Bei der Gewährung von Sonderzahlungen ist nach wie vor Vorsicht geboten. Im vorliegenden Fall stellt sich zwar nicht die Frage, ob die Leistung freiwillig gewährt werden sollte, jedoch stellt das Bundesarbeitsgericht klar, dass eine zugesagte Leistung für bereits erbrachte Arbeitsleistungen nicht wieder entzogen werden darf – jedenfalls nicht in formularmäßigen Arbeitsverträgen. Soll sowohl auf die Betriebstreue als auch auf die erbrachten Leistungen abgestellt werden (Mischcharakter der Sonderzahlung), muss bei der Gewährung der Sonderzahlung genau differenziert werden, dass nur der Teil der Sonderzahlung, der die Betriebstreue erfasst, nach einer Kündigung wegfallen soll.
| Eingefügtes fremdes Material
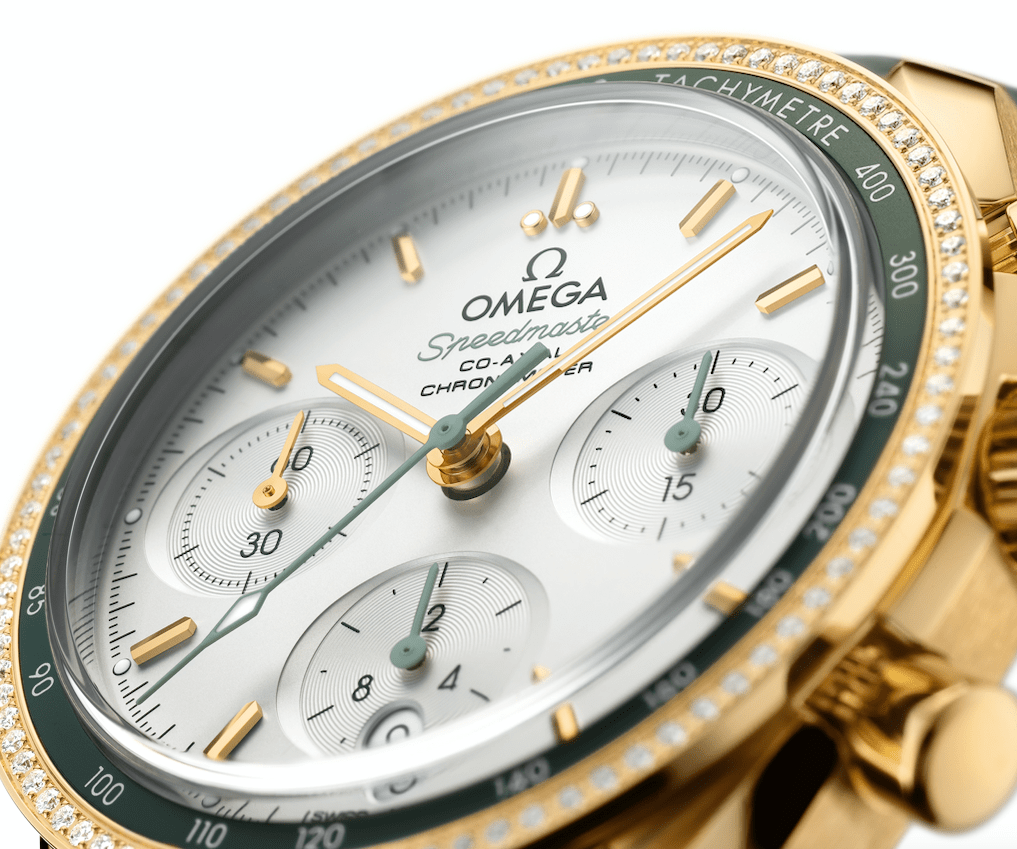 第二款新錶採用閃耀動人的18K黃金材質、銀色蛋白石面盤與綠色皮革錶帶。指針混合18K黃金與綠色清漆,而箭頭形刻度則為18K黃金。除了底蓋具備歐米茄獨一無二的海馬徽章壓紋,這些金質手錶還由歐米茄3330同軸擒縱機芯負責驅動,且歐米茄提供整整五年的保固。
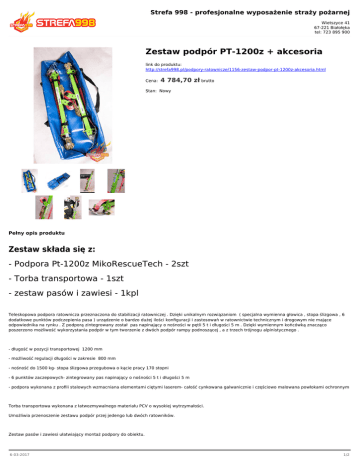 Strefa 998 - profesjonalne wyposażenie straży pożarnej Wietszyce 41 67-221 Białołęka tel: 723 895 900 Zestaw podpór PT-1200z + akcesoria link do produktu: http://strefa998.pl/podpory-ratownicze/1156-zestaw-podpor-pt-1200z-akcesoria.html Cena: 4 784,70 zł brutto Stan: Nowy Pełny opis produktu Zestaw składa się z: - Podpora Pt-1200z MikoRescueTech - 2szt - Torba transportowa - 1szt - zestaw pasów i zawiesi - 1kpl Teleskopowa podpora ratownicza przeznaczona do stabilizacji ratowniczej . Dzięki unikalnym rozwiązaniom ( specjalna wymienna głowica , stopa ślizgowa , 6 dodatkowe punktów podczepienia pasa ) urządzenie o bardzo dużej ilości konfiguracji i zastosowań w ratownictwie technicznym i drogowym nie mające odpowiednika na rynku . Z podporą zintegrowany został pas napinający o nośności w pętli 5 t i długości 5 m . Dzięki wymiennym końcówką znacząco poszerzono możliwość wykorzystania podpór w tym tworzenie z dwóch podpór rampy podnoszącej , a z trzech trójnogu alpinistycznego . - długość w pozycji transportowej 1200 mm - możliwość regulacji długości w zakresie 800 mm - nośność do 1500 kg- stopa ślizgowa przegubowa o kącie pracy 170 stopni - 6 punktów zaczepowych- zintegrowany pas napinający o nośności 5 t i długości 5 m - podpora wykonana z profili stalowych wzmacniana elementami ciętymi laserem- całość cynkowana galwanicznie i częściowo malowana powłokami ochronnym Torba transportowa wykonana z łatwozmywalnego materiału PCV o wysokiej wytrzymałości. Umożliwia przenoszenie zestawu podpór przej jedengo lub dwóch ratowników. Zestaw pasów i zawiesi ułatwiający montaż podpory do obiektu. 6-03-2017 1/2 Istnieje możliwość rozszerzenia zestawu o hak typu J o dużym prześwicie. 6-03-2017 2/2

Fehlt es an einer solchen Differenzierung, ist die Stichtagsregelung wegen unangemessener Benachteiligung des Arbeitnehmers gemäß § 307 Abs. 1 S. 1 BGB insgesamt unwirksam. Soll eine Sonderzahlung eine freiwillige Leistung sein, sollten keine Richtlinien oder Vorgaben für die Auszahlung gemacht werden. Hieraus entsteht leicht der Eindruck, dass sich der Arbeitgeber mit der Leistung der Sonderzahlung doch binden wollte, da er sie an bestimmte Bedingungen knüpft. Dem Arbeitnehmer wird dann ein Anspruch auch auf die künftige Leistung der Sonderzahlung zuerkannt.